Feeder heifers averaged 6c cheaper, receiving from 200c to 270c/kg. Heavy trade heifers were close to firm, reaching 270c/kg. Grown steers sold from 247c to 280c/kg.
Cows were back 18c to 25c, with the medium weight 2 score cows making from 122c to 173c, as the heavy 3 and 4 scores sold from 175c to 208c/kg. The 4 score cows averaged 204c/kg.
Lamb numbers fell on Tuesday, with a yarding of 29,050, and the quality was good with plenty of supplementary feed trade and heavy lambs offered.
Light lambs were back in numbers and there was reasonable numbers of Merino trade weights. All the usual buyers were operating.
Light spit lambs were $8 dearer and sold from $124 to $138/head.
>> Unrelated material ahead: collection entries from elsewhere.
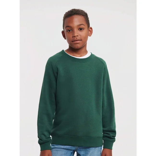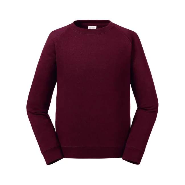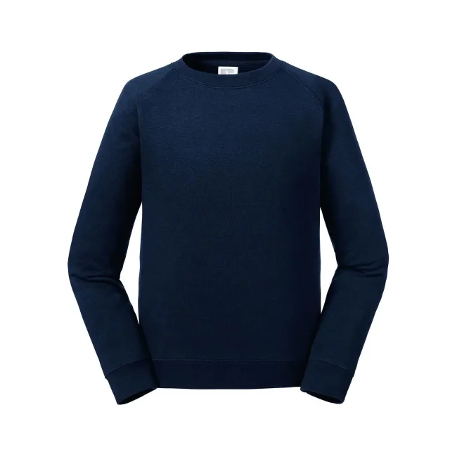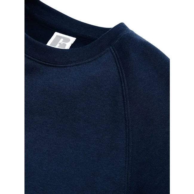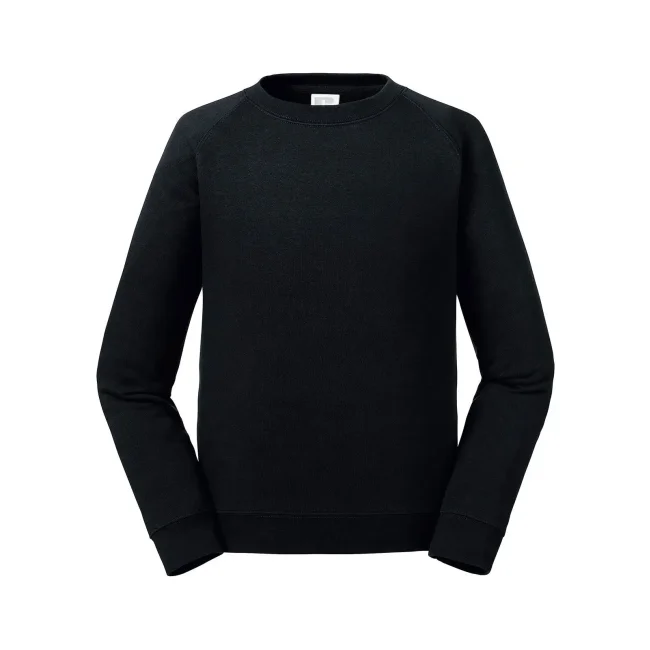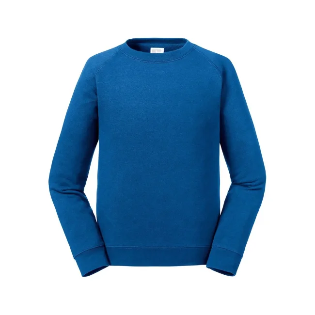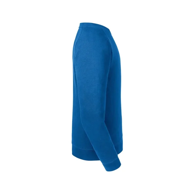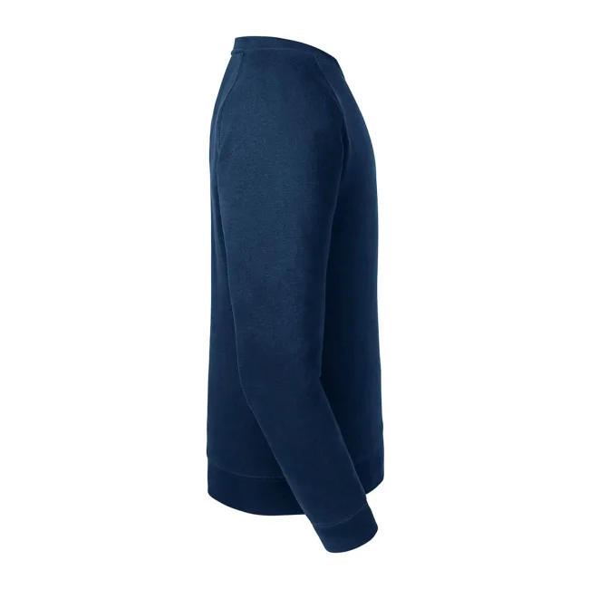 80% cotone ring spun pettinato, 20% poliestere. Tessuto esterno cotone 100% (tessuto a 3 strati). Felpa girocollo con manica raglan,taglio sciancrato, orlo e polsini più ampi in costina 1x1, nastrino di rinforzo sul collo.
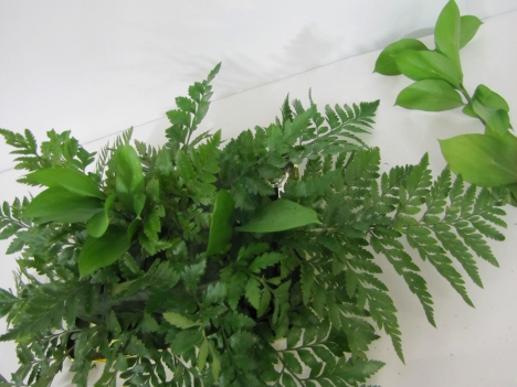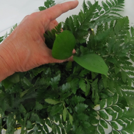 Even just a few pieces give a nice contrasting look to the leather leaf fern.
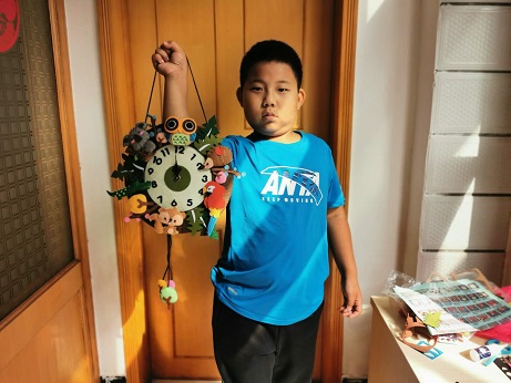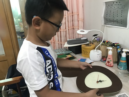 为了保证此次活动的顺利开展,我们把提前准备好的手工小挂钟的制作材料发放给小学生。活动开始后,孩子们在父母的帮助下,对照图片,比对位置,调整时间,组装,一个个认真严肃,俨然像一个个小科学家,有几个小朋友在制作过程中遇到了点疑问,主动微信老师指导解答,在小朋友和家长在的努力下,一个个造型可爱的小挂钟伴随着他们的笑脸出现在大家眼前,家长们把做好的挂钟纷纷上传到微信群里,孩子们相互展示,互相分享着喜悦,大家十分开心,小朋友们 看到自己的劳动成果更是乐开了花。
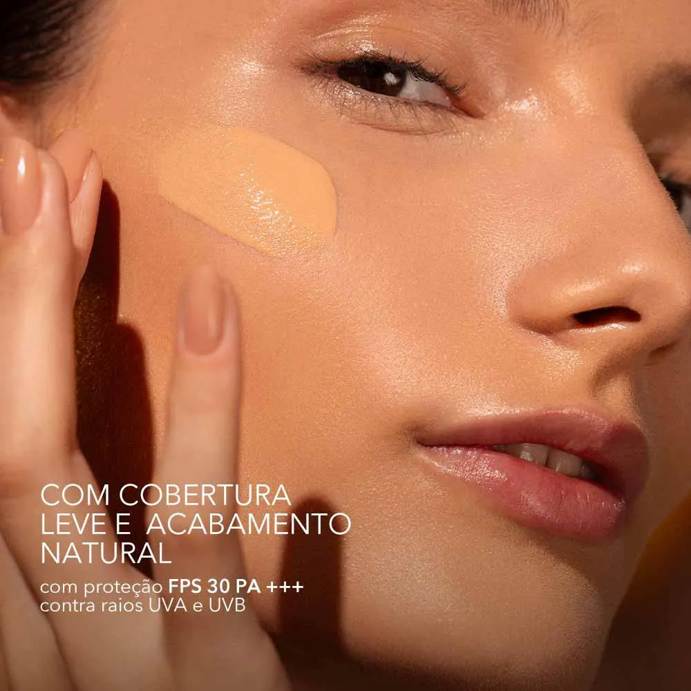 Um dos benefícios de usar a base de acabamento natural é poder criar uma maquiagem leve e fácil de fazer, ideal para a rotina corrida. O produto também é ótimo para proporcionar um viço que dá um up na produção!
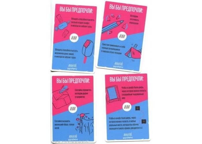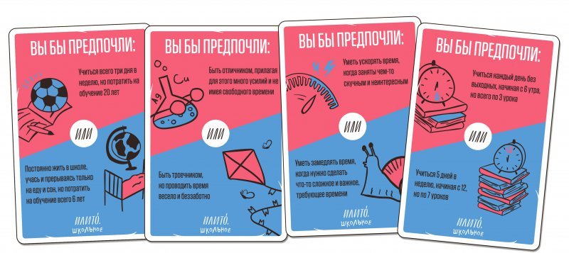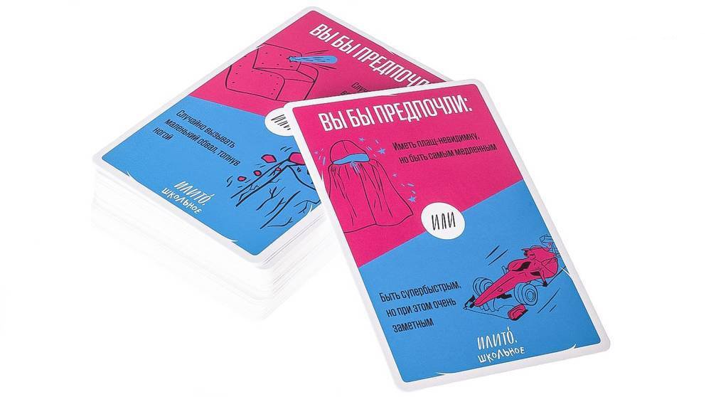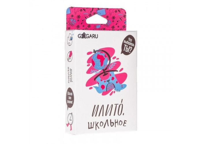Что выберете: один раз выиграть огромный главный приз в лотерею или чтобы везло в мелочах, но всегда? Имей вы суперсилу, хотели бы превращать воду в лёд одним прикосновением или заставлять её закипать? Давайте выясним, кто из вашей дружной компании займёт одну из двух сторон, предложенных в разговорной карточной игре «ИлиТо Школьное» от издателя GaGa Games! А Ход Конём уверен, что мнения разделятся. Очко в раунде, разыгранном по одной из карт, получит тот из 3-17 игроков, кто наиболее искусно привел аргументы в пользу именно своего варианта.
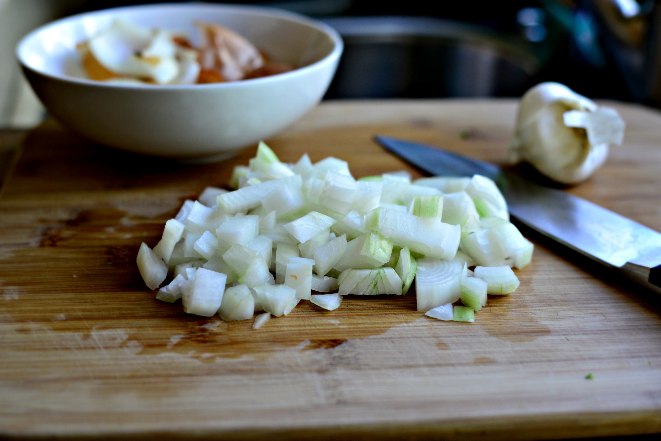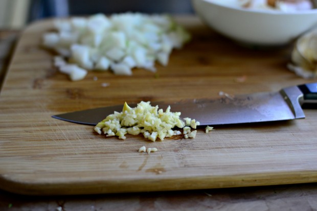 Next remove all but 1 tablespoon of the bacon fat and add in 1 large diced yellow onion and 4 cloves fresh garlic that has been finely minced.
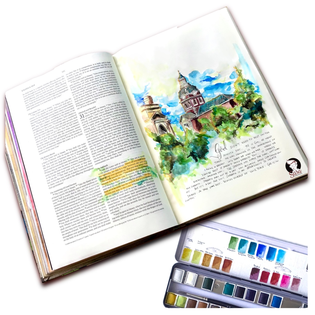 Op deze pagina vind je een aantal basistips voor bible journaling zodat je meteen kunt beginnen. Mis je informatie of zoek je een bible journaling workshop op locatie (kerk, vrouwenkring, retreat)? Mail gerust naar info@saralindenhols.nl – ik denk graag met je mee!
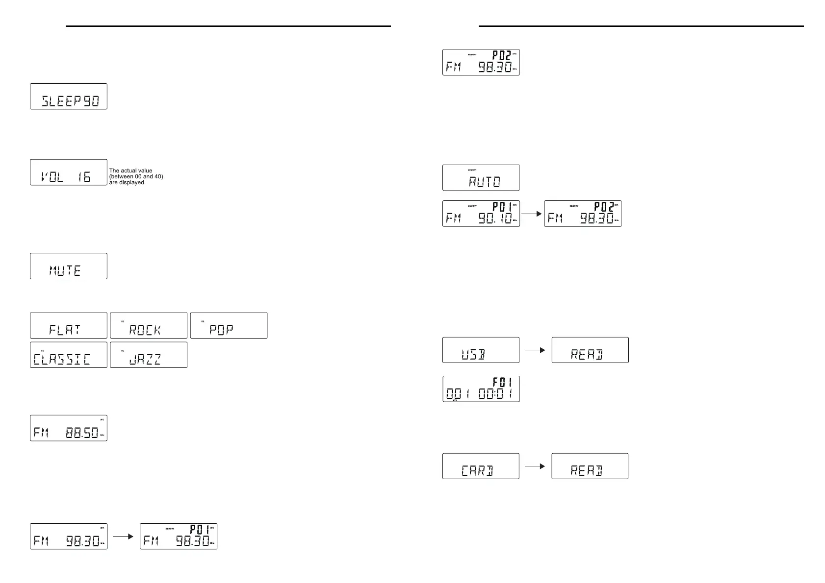 4. Manual Tuning – Press FF (9/53) / FB (8/35) briefly and repeatedly until found a station.

Restockers paid to $149/head for lambs to feed on.
Trade lambs were firm with the 18kg to 22kg lambs $144 to $173, the 22kg to 24kg lambs $166 to $184/head, averaging 735c to 760c/kg cwt.
Heavy lambs 24 to 26kg made from $170 to $190 averaging 700c and extra heavy lambs sold from $185 to $235/head or 645c to 680c/kg cwt. Merino trade weights sold from $129 to $175/head.
Mutton numbers lifted and the quality was fair to good. Prices sold to a cheaper trend of $9 to $11/head.